The first time I ever heard the term “inner child” was, undoubtedly, in the 1994 Tim Allen classic, The Santa Clause. In case you’ve never had the pleasure, it’s the tale of cool divorced dad (played by Allen) who has to overcome his bitterness and workaholism to become Santa after he accidentally commits manslaughter against the mythical figure. Along the way he reconnects with his son, learns the true meaning of Christmas, and all the stuff you’d typically expect from a Disney Christmas movie.

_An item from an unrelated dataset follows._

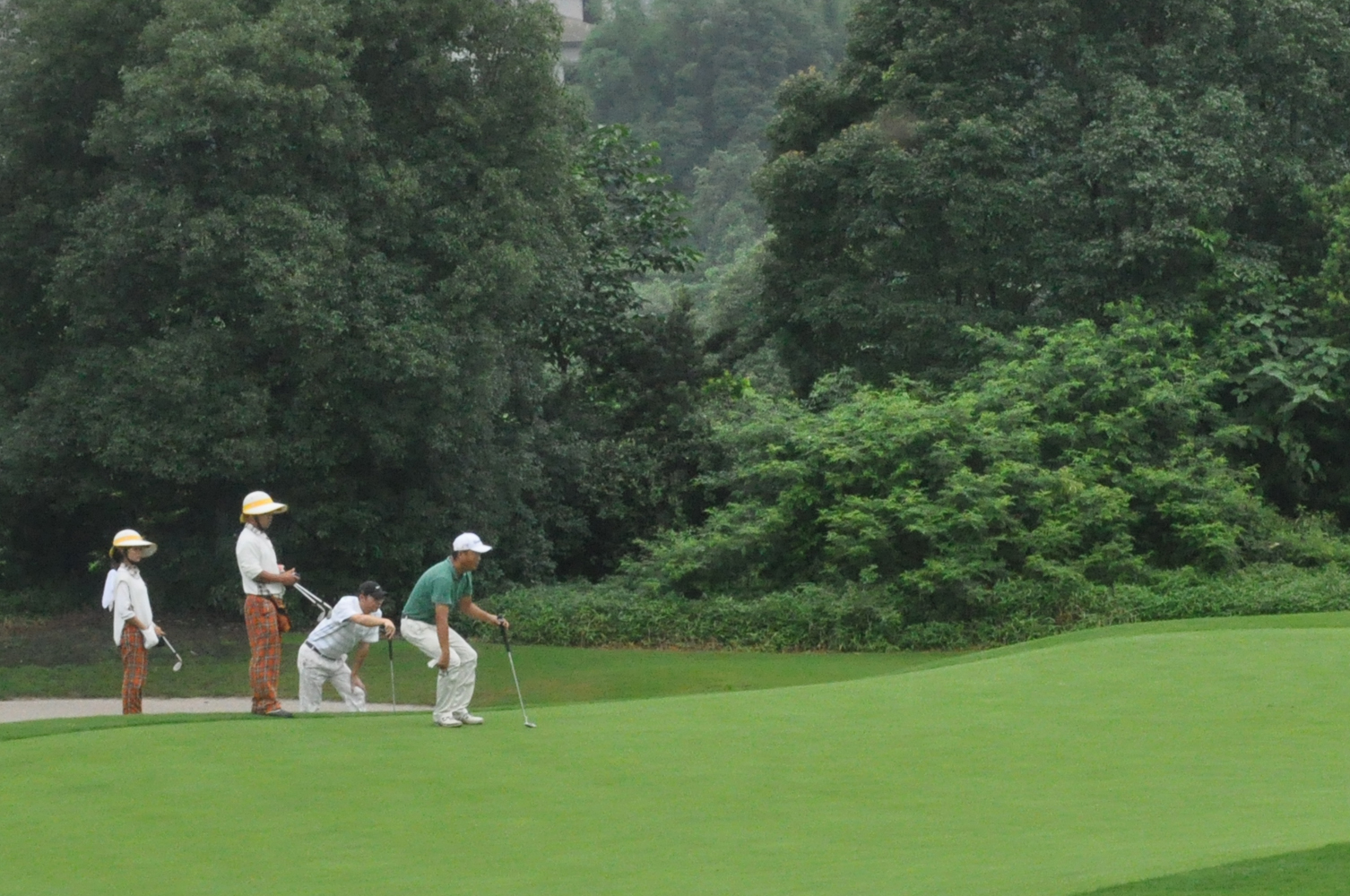 6月10日,2014隆鑫地产杯·重庆高尔夫球队际联赛乙级赛第三轮第一场于上邦球场进行,参赛球队东禾西和球队与鼎致球队早早来场进行热身,虽然暴雨刚过,草坪湿润,但两组队员竭尽所能为球队争光。第二组、第四组、第五组的比赛最为激烈,三组队员均打完18洞,而且比分不相上下,尤其是第二组的比拼更加扣人心弦,前13洞,东禾西和球队赢3洞,鼎致球队赢2洞。在第14、15、16洞的比拼中两队不相伯仲最终打平,在最后2洞的比赛中,鼎致球队奋力一搏连赢两洞,扭转局势,以1洞之险赢得本组比赛,为球队赢得1分。最终鼎致球队以4.5:1.5的成绩赢得比赛。经过两场比赛鼎致球队共积得8.5分,与颐和球队并列暂时领先。

Allen’s foil throughout the movie is the pinheaded Neil, his son’s stepdad. Neil (Judge Reinhold) DOESN’T BELIEVE IN SANTA CLAUS and also HE’S A PSYCHIATRIST. Nerd alert! You can tell he’s meant to be a doofus because of all the bad sweaters they make him wear. The amount of “shrink” jokes in this movie alone is enough to put anyone off therapy forever.
At the movie’s climax, Neil finally realizes Tim Allen and stepson, Charlie, were telling the truth and apologizes:
Dr. Neil Miller: Charlie, I'm sorry I didn't believe you.
Charlie: That's okay, Neil. You were just denying your inner child.
Dr. Neil Miller: You're going to make a great psychiatrist someday, kid.
Charlie: Nah. I think that I'm going to go into the family business.
Being more of a snarkmonster than a Cosby-sweater-aficionado myself, I knew that terms like “inner child” were CRINGE. The first time I heard the term in my support group, my response was, “I don’t have an inner child. Just inner adults. I’m adults all the way down, like a matryoshka doll.”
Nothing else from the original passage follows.